A little late post on this but, better late than never.  The overwhelming way Jesus taught us to relate to God was as our Father…no other way even comes close.  And yet how often do we really think of God as ”our Father in Heaven”?

3. We love God the Father

Through Jesus Christ, God’s Son, – and through him alone as the way, the truth and the life – we come to know and love God as Father. As the Holy Spirit testifies with our spirit that we are God’s children, so we cry the words Jesus prayed, ‘Abba, Father’, and we pray the prayer Jesus taught, ‘Our Father’. Our love for Jesus, proved by obeying him, is met by the Father’s love for us as the Father and the Son make their home in us, in mutual giving and receiving of love.[10] This intimate relationship has deep biblical foundations.

A)    We love God as the Father of his people.

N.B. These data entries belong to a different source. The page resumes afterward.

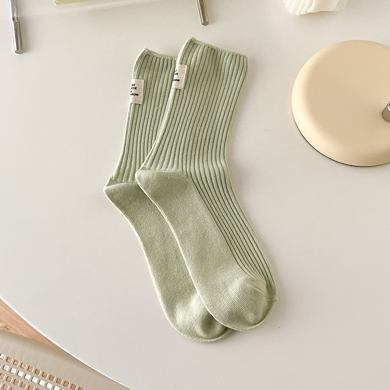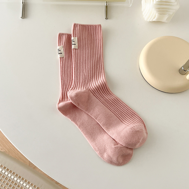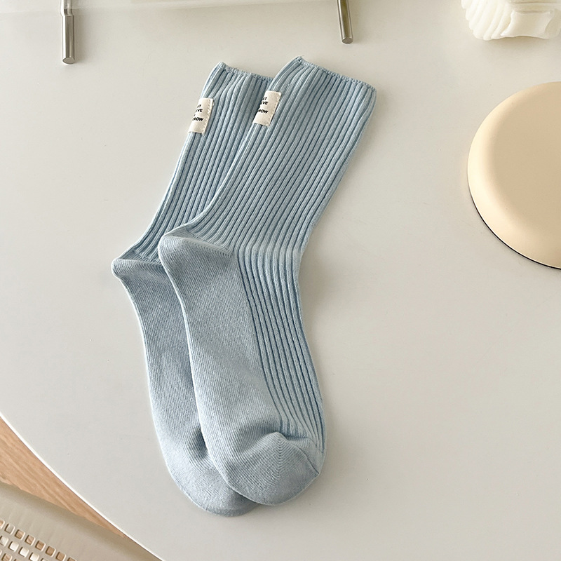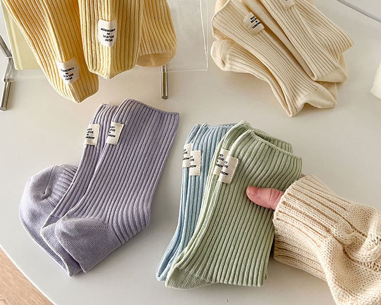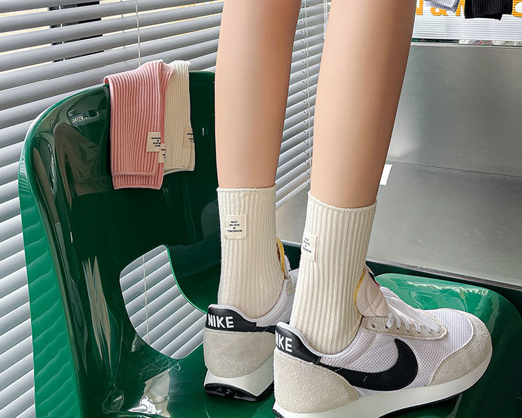 봄 여름 신상 여성용 양말, 봄 가을 면 양말, 인스타 인기 적외선 방지 천 라벨 스포츠 롱 양말
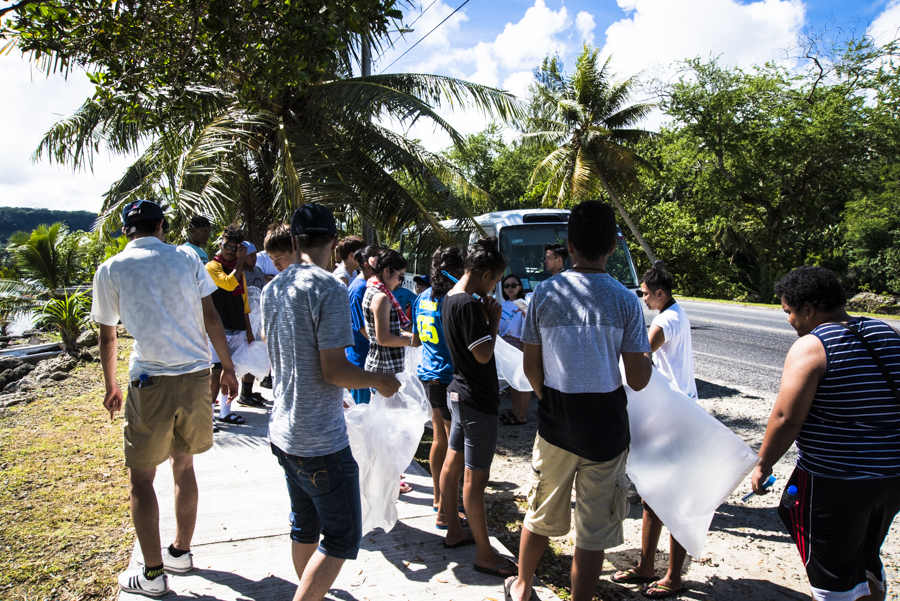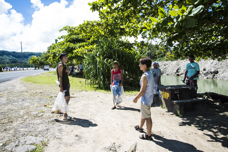 今回参加するにあたって、現地でゴミ廃棄物の啓蒙活動に挑んでいる麗澤大学、立命館大学の学生たちが参加してくれました。しかし私たち日本人はあくまでも部外者です。部外者がいくら自然環境のためだと言ってゴミという単語のない人達にゴミは「こう捨てなさい」と教えとくのはいささか上から目線だと思います。そのため「気付いてもらう」という考えのもと、地元カレッジオブマイクロネシアの学生にも参加を促しました。
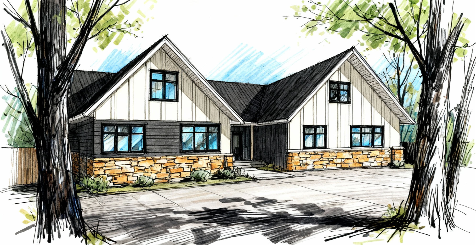 exterior shot render this perspective of the same house in the reference image use the same materials same vegetation same atmosphere do not change the form or materials of the building and pavement be careful to not obstruct the concrete pavement
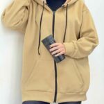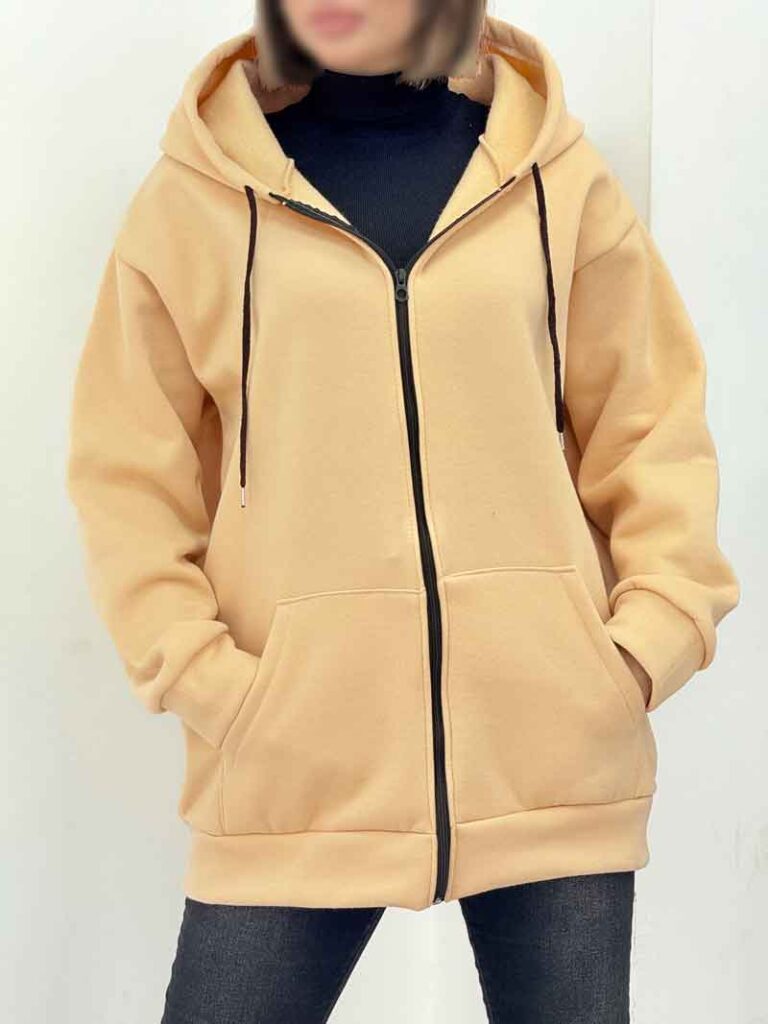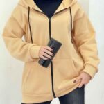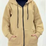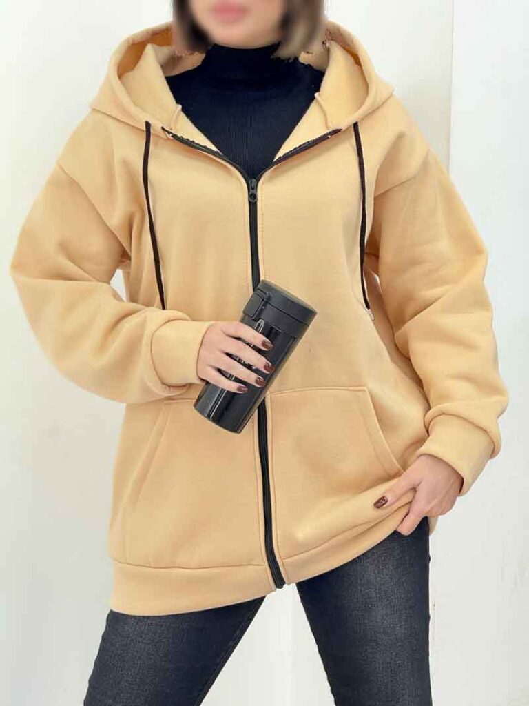 سوییشرت زیپ دار رنگ کرم تو کرکی
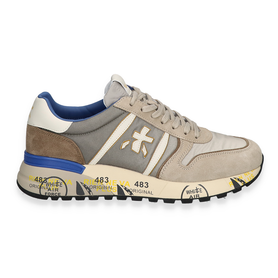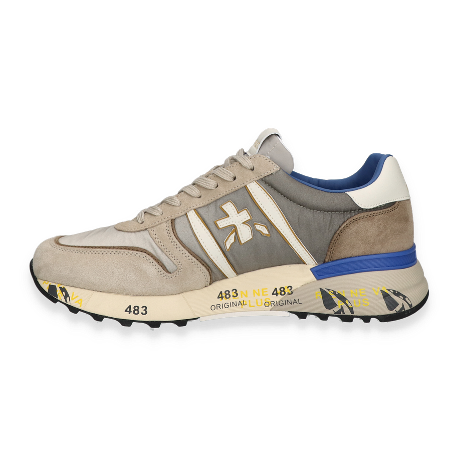 Der Sneaker LANDER von Premiata präsentiert sich in einem stilvollen Grau/Bunt-Design, das durch seine vielseitigen Farbakzente besticht. Die Kombination aus Leder, Textil und sonstigem Material verleiht dem Schuh eine moderne und dynamische Optik. Die sorgfältig gearbeiteten Details und das markante Logo auf der Seite unterstreichen den hochwertigen Charakter dieses Sneakers. Mit einer Fersenhöhe von 4,5 cm bietet er eine angenehme Erhöhung, die sowohl Komfort als auch Stil vereint.
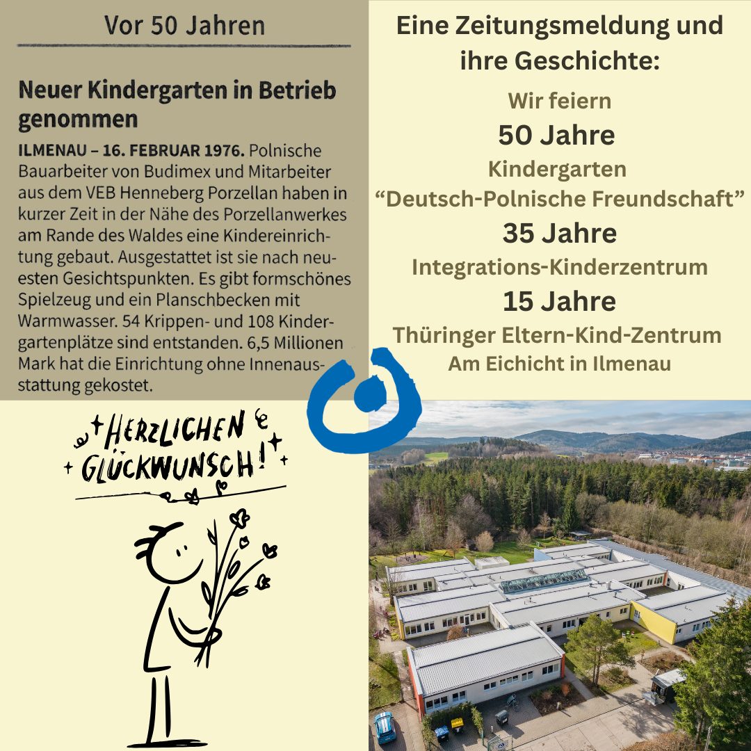 Tausende Kinder und Familien wurden seitdem auf dem großzügigen Gelände und in den inzwischen natürlich modernisierten und kindgerecht ausgestatteten Räumen des Kinderzentrums im Wohngebiet Am Eichicht in Ilmenau begleitet.
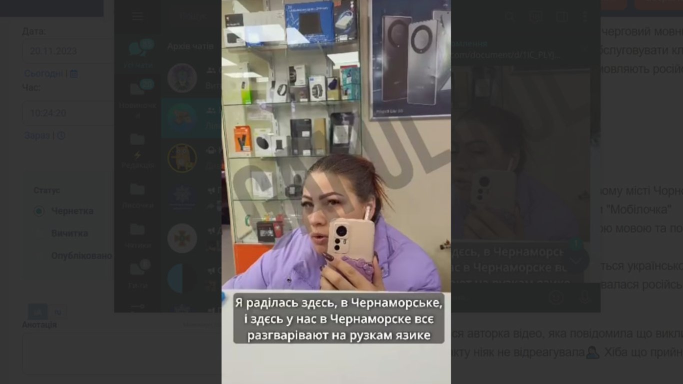 Продавчиня магазину електронної техніки відмовилася обслуговувати дівчину державною мовою та поводила себе нахабно. Жінка погрожувала клієнтці охороною, якщо та не припине тему мовного питання у сфері обслуговування. Крім того, називала покупницю "западенкою" та наголошувала, що у Чорноморську "цією мовою не говорять". Наразі відомо, що клієнтка магазину написала заяву до поліції щодо порушення мовного закону.
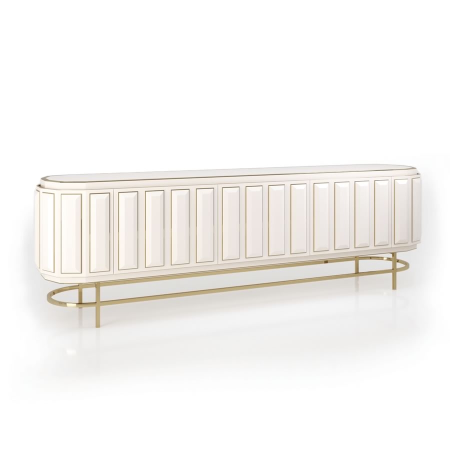 Madia in legno. Disponibile laccata in colori RAL o rivestita in tessuto o pelle. Inserti in metallo: effetto bronzo, oro, cromo, verniciato in colori RAL.
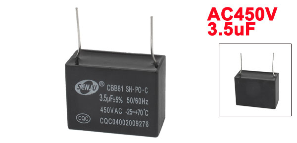 Product Name Motor Capacitor Model CBB61 External Material Plastic Dielectric Material Polypropylene Film Rated Capacitance 3.5uF Tolerance ±5% Rated Frequency 50/60Hz Voltage AC 450V Body Size 38 x 28 x 16mm/ 1.5" x 1" x 0.6"(L*W) Pin Space 30mm/ 1.2" Weight 42g Package Content 2 x Motor Run Capacitor - Reviews
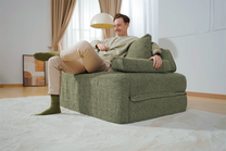 Cushie Modular Sofa Bed transforms from a stylish seat to a cozy bed in seconds—just flip and snooze. Unlike traditional sleeper sofas with noisy metal frames and complex pull-outs, Cushie keeps it simple and silent.
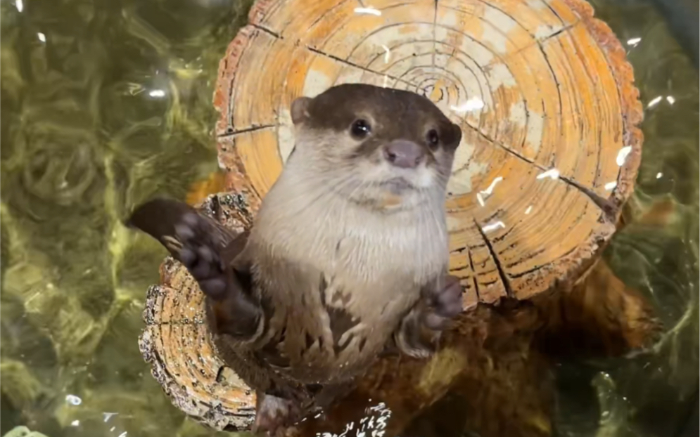 [สัตว์]ตัวนากน้อยนอนในอ้อมกอดแม่ลอยน้ำ
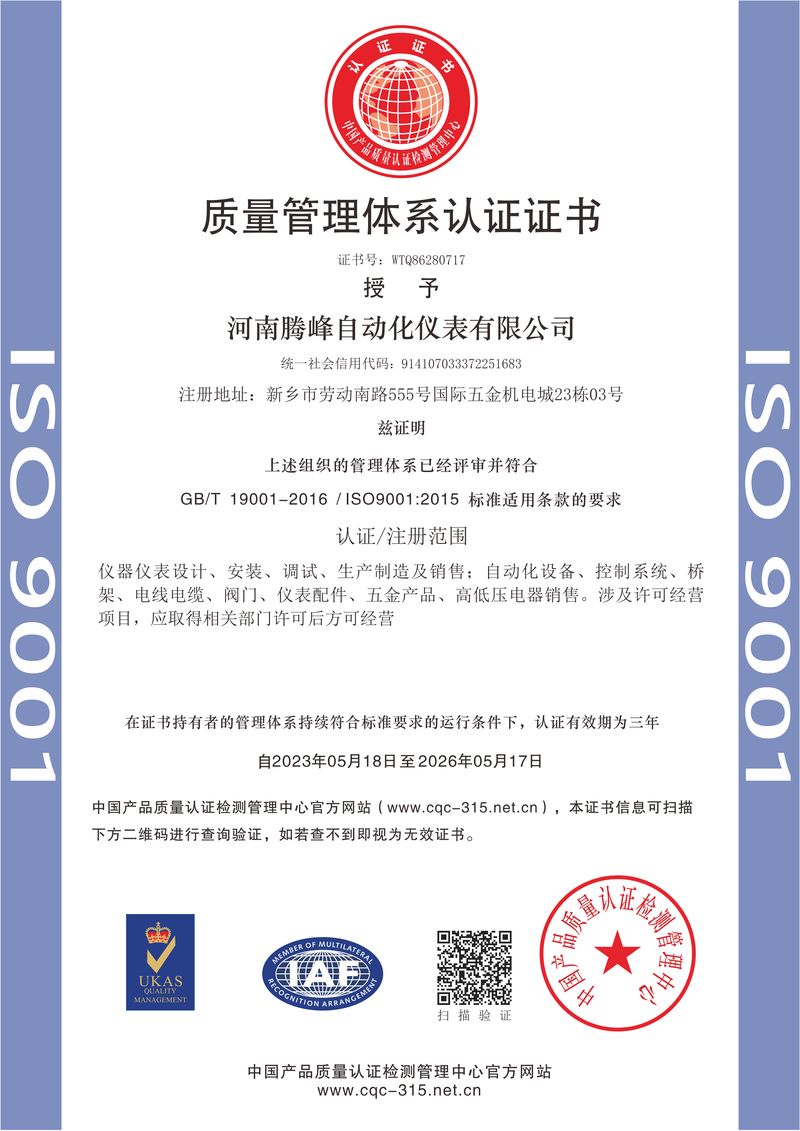 質(zhì)量管理體系認(rèn)證證書
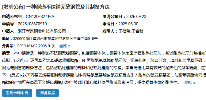 2025年9月23日,浙江新泰鋼業(yè)科技有限公司成功申請一項名為“一種耐熱不銹鋼無縫鋼管及其制備方法”專利,申請公布號為CN120682716A,申請日期為2025年6月30日。
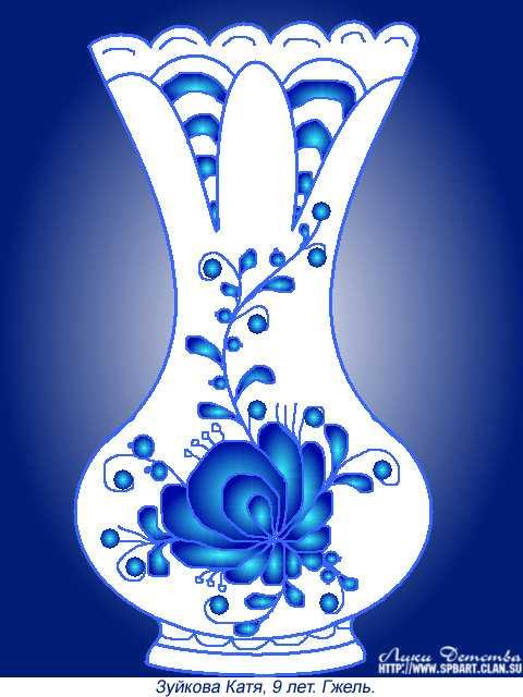 ![Гжель роспись для детей ваза]()
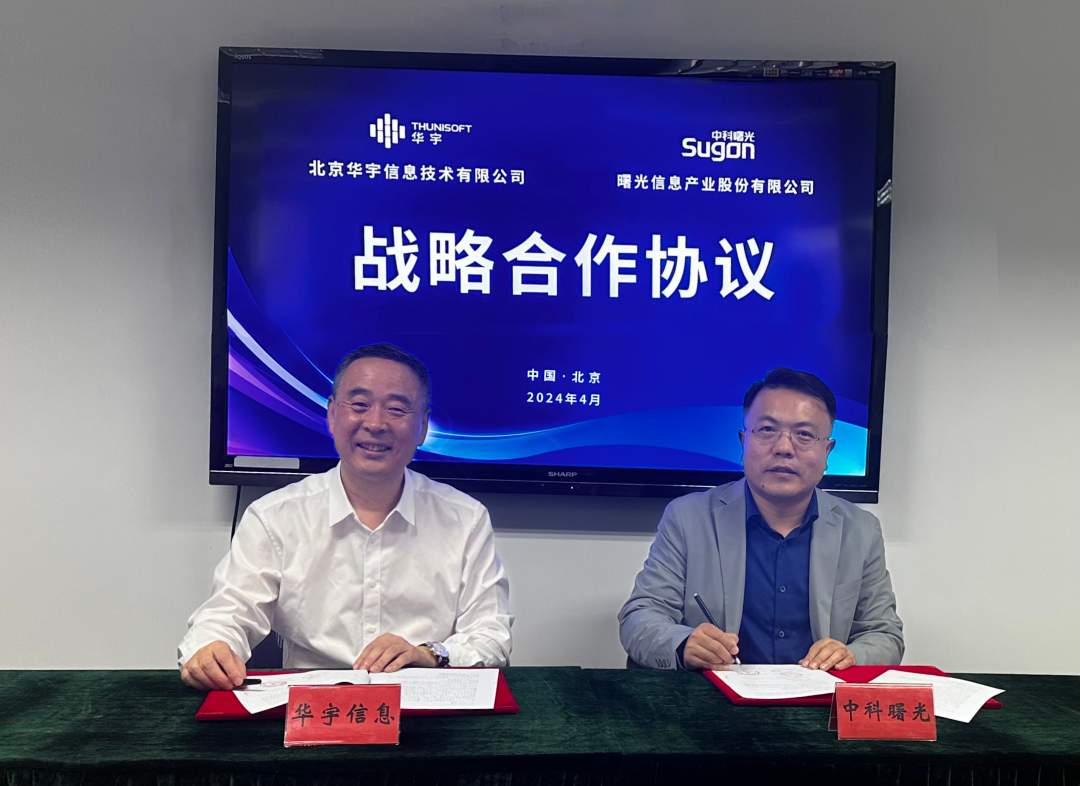 4月30日,北京华宇信息技术有限公司(以下简称“华宇”)与曙光信息产业股份有限公司(以下简称“中科曙光”)举行战略合作签约仪式,双方将在高端计算、人工智能等领域,通过产品、技术、市场、解决方案和项目等方面的合作,共同服务客户,携手开启创新发展新篇章。
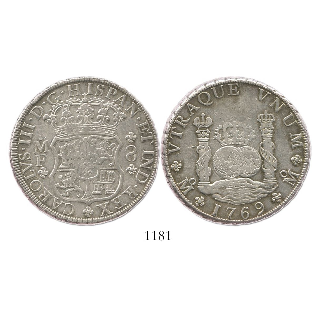 Mexico City, Mexico, pillar 8 reales, Charles III, 1769MF.
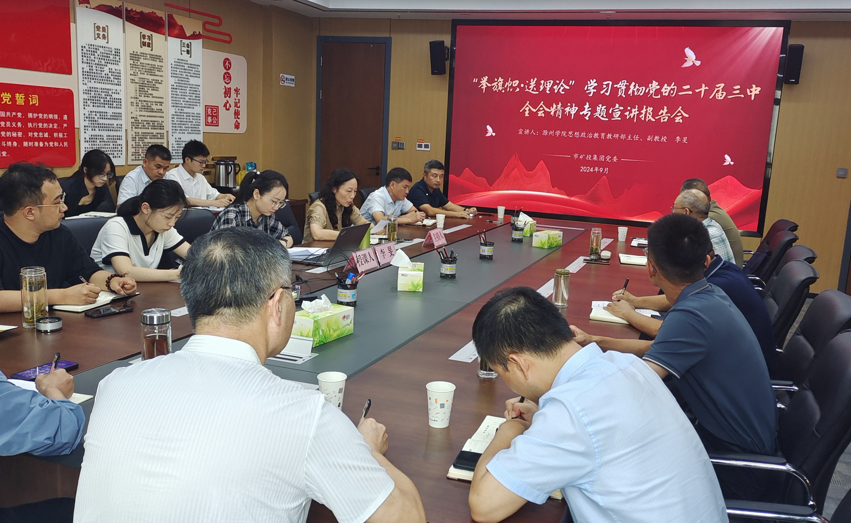 9月14日,“舉旗幟·送理論”學(xué)習(xí)貫徹黨的二十屆三中全會精神專題宣講活動在市礦投集團(tuán)舉行。滁州學(xué)院思想政治教育教研部主任、副教授李旻作專題宣講報(bào)告。市礦投集團(tuán)本部全體干部職工、各子公司負(fù)責(zé)人參加會議。

Old Testament Israel knew God as Father, as the one who brought them into existence, carried them and disciplined them, called for their obedience, longed for their love, and exercised compassionate forgiveness and patient enduring love.[11] All these remain true for us as God’s people in Christ in our relationship with our Father God.

B)    We love God as the Father, who so loved the world that he gave his only Son for our salvation. How great the Father’s love for us that we should be called the children of God. How immeasurable the love of the Father who did not spare his only Son, but gave him up for us all. This love of the Father in giving the Son was mirrored by the self-giving love of the Son. There was complete harmony of will in the work of atonement that the Father and the Son accomplished at the cross, through the eternal Spirit. The Father loved the world and gave his Son; ‘the Son of God loved me and gave himself for me.’ This unity of Father and Son, affirmed by Jesus himself, is echoed in Paul’s most repeated greeting of ‘grace and peace from God our Father and the Lord Jesus Christ, who gave himself for our sins…according to the will of our God and Father, to whom be glory for ever and ever. Amen.’[12]

C)   We love God as the Father whose character we reflect and whose care we trust. In the Sermon on the Mount Jesus repeatedly points to our heavenly Father as the model or focus for our action. We are to be peacemakers, as sons of God. We are to do good deeds, so that our Father receives the praise. We are to love our enemies in reflection of God’s Fatherly love. We are to practise our giving, praying and fasting for our Father’s eyes only. We are to forgive others as our Father forgives us. We are to have no anxiety but trust in our Father’s provision. With such behaviour flowing from Christian character, we do the will of our Father in heaven, within the kingdom of God.[13]

We confess that we have often neglected the truth of the Fatherhood of God and deprived ourselves of the riches of our relationship with him. We commit ourselves afresh to come to the Father through Jesus the Son: to receive and respond to his Fatherly love; to live in obedience under his Fatherly discipline; to reflect his Fatherly character in all our behaviour and attitudes; and to trust in his Fatherly provision in whatever circumstances he leads us.